Pour créer une telle structure, cinq conditions doivent être respectées :

  1. créer une ASBL,
  2. avoir un objet social unique : employer du personnel et le mettre à disposition,
  3. obtenir un agrément préalable du ministre de l’Emploi,
  4. employer du personnel pour minimum 19h/semaine,
  5. ne pas employer plus de 50 travailleur/euses.

Ensuite, l’ASBL (groupement d’employeurs) emploie les travailleur/euses qu’elle met à disposition uniquement de ses membres.

Dans le cadre de Basic+ ASBL, l’idée est née d’ADESIO ASSURANCES. En 2013, cette ASBL spécialisée dans des services de courtier auprès de structures non marchandes décide de créer un groupement d’employeurs après avoir constaté des problèmes de comptabilité dans de nombreuses écoles.

Désormais, une quarantaine de collaborateur/trices sont à disposition des 600 membres de l’ASBL dans les secteurs de la comptabilité, de la prévention, juridique, de l’énergie et de la protection des données. Parmi les avantages, Pierre Neuray met en avant la spécialisation des expert.es. Par exemple, « les comptables connaissent les systèmes de subvention. Lorsqu’une ASBL a un problème, le/la collaborateur/trice l’a forcément rencontré ailleurs. Ce qui n’est pas le cas quand on s’adresse à un fiduciaire ou à un consultant.e », continue-t-il.

Les limites de la mutualisation entre ASBL

L’une des difficultés, en revanche, est de bien garder en tête que le/la travailleur/euse partagé.e travaille pour toutes ou une parties des structures membres du groupement d’employeurs. Et pourtant, « certain.es ont tendance à surcharger de travail », raconte Pierre Neuray.
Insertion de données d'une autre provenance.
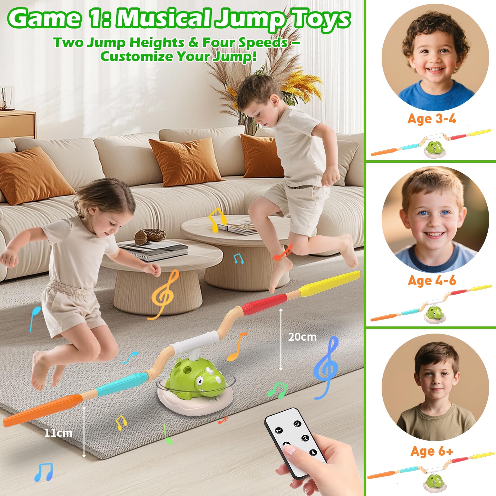 JOYIN 13 Pcs Chamboule Tout, Jeux Exterieur Enfant, Jeu de Lancer avec Jouet 3 En 1 Plein Air Pour Enfants 3 à 9 Ans Feelhap Jeux Exterieur Enfant 3 En 1,Jeu De Saut Musical,Lancer D Jeux Extérieur Enfant 3 En 1 【Prêt à l'emploi】Tous les composants sont pré-assemblés, y compris la télécommande, le cadre principal et le kit d'accessoires complet. Description du produit Jeux Exterieur Enfant 3 en 1 pour 3 4 5 6 7 8 9 Ans,Sport Outdoor-Spielzeug,Jeu de Saut Musical,Jeu de Lancer d’Anneaux,Jouets de Plein Air de Jardin Cadeaux avec Télécommande,Développe la Motricité Avertissement De Sûreté Ne pas approcher d'une source de chaleur., Ne pas ingérer. 【Réglage de la difficulté sur 4 niveaux】Équipé d'un système de réglage à 4 niveaux, il permet de passer facilement du mode débutant au mode avancé et convient ainsi aux enfants âgés de 3 à 12 ans. Jouets d'extérieur pour enfants] Ce jouet d'extérieur combine un lanceur de fusées, un jeu de lancer d'anneaux et une corde à sauter. Il peut aider les enfants à développer et à renforcer un large éventail de compétences, ainsi qu'à entraîner la motricité, l'équilibre main-œil et la coordination 【Amélioration du lien parent-enfant】Le mécanisme de lancement de fusée innovant et la fonction de corde à sauter multijoueur permettent à toute la famille de participer, ce qui en fait un choix idéal pour renforcer la relation parent-enfant et promouvoir l'esprit d'équipe. Le kit parfait pour faire bouger tes kids ! Ce jeu 3 en 1 comprend : 1) Un tapis de saut musical avec 4 vitesses et 2 hauteurs, 2) Un jeu de lancer... 【Conception sûre et durable】Fabriqué à partir d'un matériau ABS hautement résistant et respectueux de l'environnement, associé à des composants en caoutchouc antidérapants, il a passé avec succès des tests de sécurité rigoureux et convient à une utilisation à l'intérieur comme à l'extérieur, permettant aux enfants de jouer en toute sécurité et de s'amuser. 【Équipement de jeu d'extérieur 3 en 1】 Ce jouet multifonctionnel pour enfants combine entraînement physique, jeux amusants et compétitions interactives.

Bruno Gérard, quant à lui, insiste sur le fait que le groupement d’employeurs, ou la mutualisation en général, ne doit pas servir à réduire l’emploi. Il donne l’exemple de la figure du DPO, soit le délégué à la protection des données, qui n’existe pas encore dans de nombreuses ASBL. Dans ce cadre-là, un groupement d’employeurs permettrait de faire une économie d’échelle future et n’entrainerait pas une diminution de l’emploi.

Enfin, le directeur de Bruxeo évoque le risque de glisser dans le piège de la marchandisation en faisant appel à des entreprises commerciales. L’important étant de ne pas perdre de vue l’objectif final d’améliorer la qualité et l’accessibilité des services.